Body Corporate 206481 v Kempster HC Auckland CIV-2011-404-002579

Case

[2011] NZHC 1730

3 November 2011

No judgment structure available for this case.

IN THE HIGH COURT OF NEW ZEALAND AUCKLAND REGISTRY

CIV-2011-404-002579

UNDER  the Unit Titles Act 1972

IN THE MATTER OF     An Originating Application for Orders Establishing a Scheme under Section 48 of the Unit Titles Act 1972

BETWEEN  BODY CORPORATE 206481

Applicant

ANDJ H KEMPSTER AND C V KEMPSTER & ORS

First to Seventy-sixth Respondents

Hearing:         3 November 2011

Counsel:         D Bigio and C Eric for the Applicant

No appearance for the Respondents

Judgment:      3 November 2011

JUDGMENT OF WOOLFORD J

Solicitors/Counsel:

D Bigio, PO Box 4338, Shortland Street, Auckland 1140. Email: [email protected]

BODY CORPORATE 206481 KEMPSTER AND KEMPSTER & ORS HC AK CIV-2011-404-002579 3

November 2011

Introduction

[1]      The applicant applies for an order establishing a scheme for the repair of the building comprising the unit property and common property in  Body Corporate

206481 under s 48 of the Unit Titles Act 1972.   The complex to which the Body Corporate relates is located at 80 Richmond Road, Ponsonby, known as the Pulse Apartments.  It comprises of a large 4 storey building plus penthouse containing 65 residential 1-2 bedroom units and various accessory units, being car parks, with lift and stairwell access via the common property.

[2]      The applicant is today represented by Mr Bigio and Ms Eric.   There is no appearance by or on behalf of the respondents.  The first to sixty-fourth respondents are all of the present registered proprietors of the units.  The sixty-fifth respondent is Colin McCloy who has registered a caveat against the certificate of title of Unit 2A. The sixty-sixth respondent is Eileen Smith who has registered a notice of claim pursuant to the Property (Relationships) Act 1976 against the certificate of title of Unit 3N.   The sixty-seventh respondent is the Legal Services Agency which has registered a caveat against the certificate of title of Unit 4C.   The sixty-eighth to seventy-fifth respondents are the existing mortgagees of the units.  The sixty-ninth respondent, Westpac New Zealand Limited, has filed a notice advising the Court that it will abide the decision of the Court.  The seventy-sixth respondent is the provider of building insurance.

[3]      At a general meeting on 16 March 2011, the Body Corporate resolved to apply to the High Court for an order settling a scheme for the repair of the Pulse Apartments under s 48 of the Unit Titles Act 1972 as set out in a draft application and scheme discussed at that meeting.

Factual background

[4]      The Pulse Apartments were constructed between January 2001 and March

2002.   A code compliance certificate was issued by a private building certifier, Compass Building Certification Limited, in March 2002.

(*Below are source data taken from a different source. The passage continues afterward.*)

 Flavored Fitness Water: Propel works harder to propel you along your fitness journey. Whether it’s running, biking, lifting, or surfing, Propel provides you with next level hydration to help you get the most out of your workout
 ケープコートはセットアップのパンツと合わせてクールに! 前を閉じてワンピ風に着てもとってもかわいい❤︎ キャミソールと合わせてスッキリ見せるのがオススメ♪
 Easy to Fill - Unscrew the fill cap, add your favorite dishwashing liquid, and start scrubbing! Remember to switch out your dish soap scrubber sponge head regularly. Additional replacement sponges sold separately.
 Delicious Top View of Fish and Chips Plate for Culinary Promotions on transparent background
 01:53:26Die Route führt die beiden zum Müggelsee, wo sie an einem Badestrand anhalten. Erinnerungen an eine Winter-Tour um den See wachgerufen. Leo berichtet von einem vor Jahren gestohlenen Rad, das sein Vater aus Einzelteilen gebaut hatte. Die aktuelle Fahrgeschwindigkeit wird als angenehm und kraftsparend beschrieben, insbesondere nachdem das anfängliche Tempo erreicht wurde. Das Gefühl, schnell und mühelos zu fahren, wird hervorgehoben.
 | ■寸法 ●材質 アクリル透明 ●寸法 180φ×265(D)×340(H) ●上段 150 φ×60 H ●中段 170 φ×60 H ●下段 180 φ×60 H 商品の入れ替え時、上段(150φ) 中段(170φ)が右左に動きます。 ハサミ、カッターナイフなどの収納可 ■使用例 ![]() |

[5]      In about March 2005 the Body Corporate instructed CoveKinloch Consulting Limited (“CoveKinloch”) to report on the condition of the exterior balcony balustrades, due to weathertightness issues having been raised by one of the unit owners in respect of their unit’s balcony balustrade.

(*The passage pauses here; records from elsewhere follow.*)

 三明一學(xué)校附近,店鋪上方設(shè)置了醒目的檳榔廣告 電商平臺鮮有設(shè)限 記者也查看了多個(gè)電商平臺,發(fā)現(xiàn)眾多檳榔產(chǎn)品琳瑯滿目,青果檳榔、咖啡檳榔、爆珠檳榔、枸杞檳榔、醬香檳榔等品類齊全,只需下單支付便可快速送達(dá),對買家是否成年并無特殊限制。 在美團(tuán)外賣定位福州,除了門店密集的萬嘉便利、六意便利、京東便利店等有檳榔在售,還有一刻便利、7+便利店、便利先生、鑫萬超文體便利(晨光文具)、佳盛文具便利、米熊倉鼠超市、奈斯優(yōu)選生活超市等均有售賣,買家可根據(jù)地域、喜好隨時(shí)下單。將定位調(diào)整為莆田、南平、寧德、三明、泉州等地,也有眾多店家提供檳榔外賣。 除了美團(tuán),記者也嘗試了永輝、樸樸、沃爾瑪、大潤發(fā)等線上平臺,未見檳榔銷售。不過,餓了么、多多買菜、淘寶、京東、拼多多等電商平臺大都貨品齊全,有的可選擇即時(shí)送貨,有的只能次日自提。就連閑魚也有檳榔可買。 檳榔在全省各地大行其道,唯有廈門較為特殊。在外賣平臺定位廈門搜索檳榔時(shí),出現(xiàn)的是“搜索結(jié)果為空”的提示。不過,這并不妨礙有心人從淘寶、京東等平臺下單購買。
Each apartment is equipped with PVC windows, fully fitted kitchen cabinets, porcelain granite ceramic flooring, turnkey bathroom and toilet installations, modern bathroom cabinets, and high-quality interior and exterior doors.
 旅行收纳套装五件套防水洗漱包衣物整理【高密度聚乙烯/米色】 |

[6]      In December 2005 CoveKinloch provided a detailed report on the exterior balcony balustrades.  This report recorded various defects in the construction of the balcony balustrades and high moisture readings.  While preparing a design for the remedial  work  to  the  balconies,  CoveKinloch  identified  wider  weathertightness issues with the exterior cladding and roof. As a result the Body Corporate instructed CoveKinloch to prepare a full report on the condition of the exterior cladding.

[7]      In February 2007 CoveKinloch provided a full report on the condition of the exterior cladding.   The report recorded extensive defects in the building envelope and roof, together with high moisture readings in numerous locations.   The report recommended a full re-clad of the Pulse Apartments complex with a drained and ventilated cavity system, including replacing all decayed timber.

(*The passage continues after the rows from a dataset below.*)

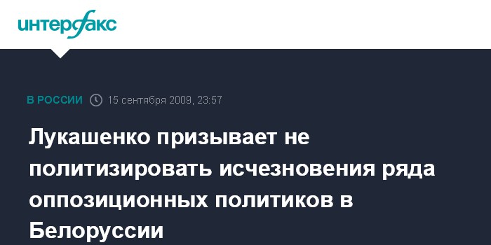 Минск. 15 сентября. ИНТЕРФАКС-ЗАПАД - Президент Белоруссии Александр Лукашенко призывает не политизировать тему расследования обстоятельств исчезновения ряда белорусских оппозиционных политиков.
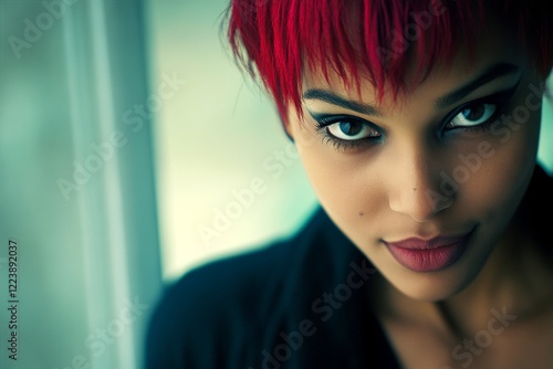 Gorgeous smiling black girl - for ads, banner and online marketing networks use. Commercial promotion visual idea. Short trim - red hair. Black model campaign. Black girl style. Black girl ad.
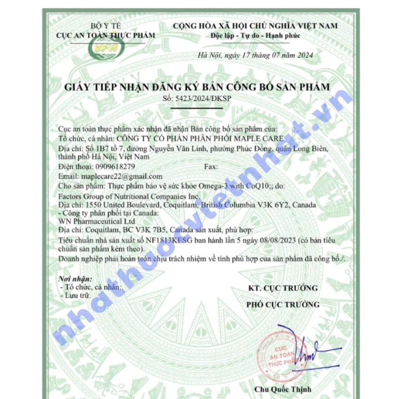 Để đảm bảo mua đúng sản phẩm chính hãng và an toàn, người tiêu dùng cần kiểm tra kỹ các thông tin pháp lý liên quan. Webber Naturals Omega 3 + CoQ10, thực phẩm chức năng kết hợp Omega-3 và Coenzyme Q10 giúp hỗ trợ sức khỏe tim mạch. Sản phẩm đã được Cục An toàn Thực phẩm - Bộ Y tế cấp giấy xác nhận công bố tại Việt Nam:
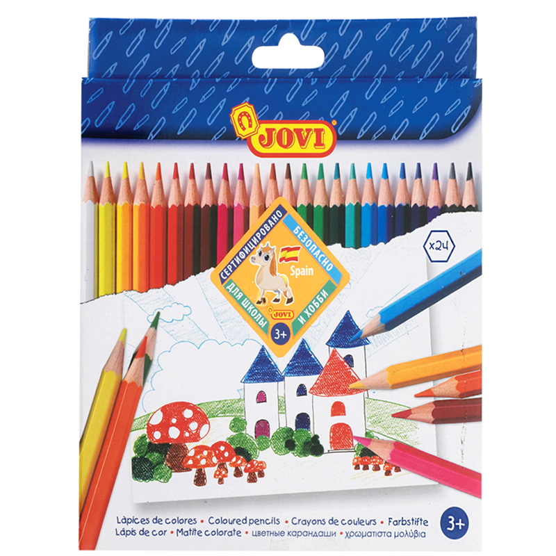 Шестигранные деревянные карандаши толщиной 7,5 мм, длиной 175 мм. Цветные карандаши в деревянном корпусе. Грифель приклеен к деревянному корпусу, что предохраняет его от поломок при падении. Рисуют на бумаге, ватмане, картоне. Расширенная палитра из 24 красивых чистых цветов (белый, лимонный, желтый, темно-желтый, светло-оранжевый, оранжевый, розовый, малиновый, рубиновый, красный, бордовый, лиловый, светло-зеленый, зеленый, темно-зеленый, бирюзовый, голубой, синий, темно-синий, сапфировый, светло-коричневый, коричневый, серый, черный).
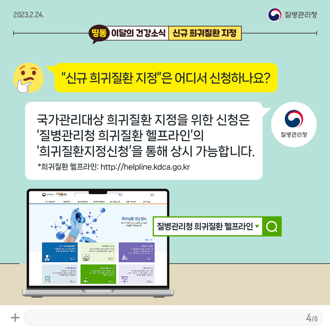 - 국가관리대상 희귀 질환 지정을 위한 신청은 "질병관리청 희귀 질환 헬프라인"의 "희귀 질환 지정 신청"을 통해 상시 가능합니다.

[8]      Unit owners were provided with a copy of the full report by CoveKinloch and at a general meeting held on 27 March 2007 CoveKinloch presented its findings and outlined the remedial options available together with its recommendations.

[9]      At the same meeting there was a presentation by a representative of the Weathertight Homes Resolution Service (“the WHRS”) regarding this service.  The Body Corporate resolved to register with the WHRS.   Subsequently, the Body Corporate applied to the WHRS for an assessment of the complex.

[10]     In May 2008, the WHRS issued its assessor’s report.  This report recorded numerous building failures which resulted from poor design and construction, and failures to meet the requirements of the relevant building regulations, codes and product manufacturer.   It concluded that the Pulse Apartments met the eligibility criteria set out in the Weathertight Homes Resolution Services Act 2006 for a multi- unit complex claim.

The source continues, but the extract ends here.